Lemper, Kue Tradisional Sepanjang Masa

Tidak ada yang tahu sejak kapan lemper ini dikenal sebagai kue tradisional . Tidak juga ada yang memberi kabar dari mana kue yang berbahan baku ketan ini berasal. 

Yang jelas sekarang lemper sudah menjadi salah satu kue tradisional favorit masyarakat Indonesia. Di Jawa tengah ada lemper yang diisi aneka abon dan dikukus. 

Di Jakarta lemper biasa disajikan tanpa dikukus lagi karena ketan dan isian abonnya memang sudah matang. Di PAdang, lemper biasa disajikan dengan dibakar terlebih dahulu diatas bara api. 

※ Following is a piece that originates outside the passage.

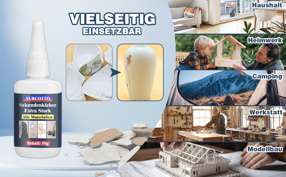 Dieser Sekundenkleber ist ein wahres Multitalent! Egal ob Kunststoff, Textil, Glas, Holz, Metall oder sogar für den Modellbau – unser Sekundärkleber ist die perfekte Lösung für vielfältige Klebeanwendungen. Besonders für Hobbybastler und Profis ist er unerlässlich, da er starke Verbindungen in kürzester Zeit ermöglicht.

Ada beberapa isian lemper yang menjadi favorit yaitu abon daging sapi, abon ayam, bahkan juga abon ikan. Bahkan sekarang lemper sudah dimodifikasi menjadi lemper goreng. Jadi ketan yang udah diisi dengan abon akan diberi balutan tepung panir kemudian digoreng hingga kecoklatan. 

Berikut ini adalah resep lemper yang biasa dibuat oleh ibuku. 

Bahan 

  • 250 gram ketan 
  • 250 ml santan dari 1 butir kelapa 
  • ½ sdt garam 
  • 100 gram abon untuk isi 
  • Daun untuk membungkus 


Cara Membuat 

  1. Rendam ketan selama minimal 3 jam, tiriskan. 
  2. Kukus ketan selama 20 menit, angkat. 
  3. Campurkan ketan kukus dan santan, garam serta daun pandan. Aduk hingga rata. 
  4. Kukus kembali ketan hingga matang selama kurang lebih 30 menit. Angkat dan dinginkan. 
  5. Ambil satu sendok makan ketan, pipihkan pada telapak tangan. 
  6. Tambahkan abon ditengah ketan. 
  7. Bentuk ketan menjadi oval sehingga abon berada di dalamnya. 
  8. Bungkus dengan daun pisang. 
  9. Kukus lemper selama 15-20 menit hingga daun layu.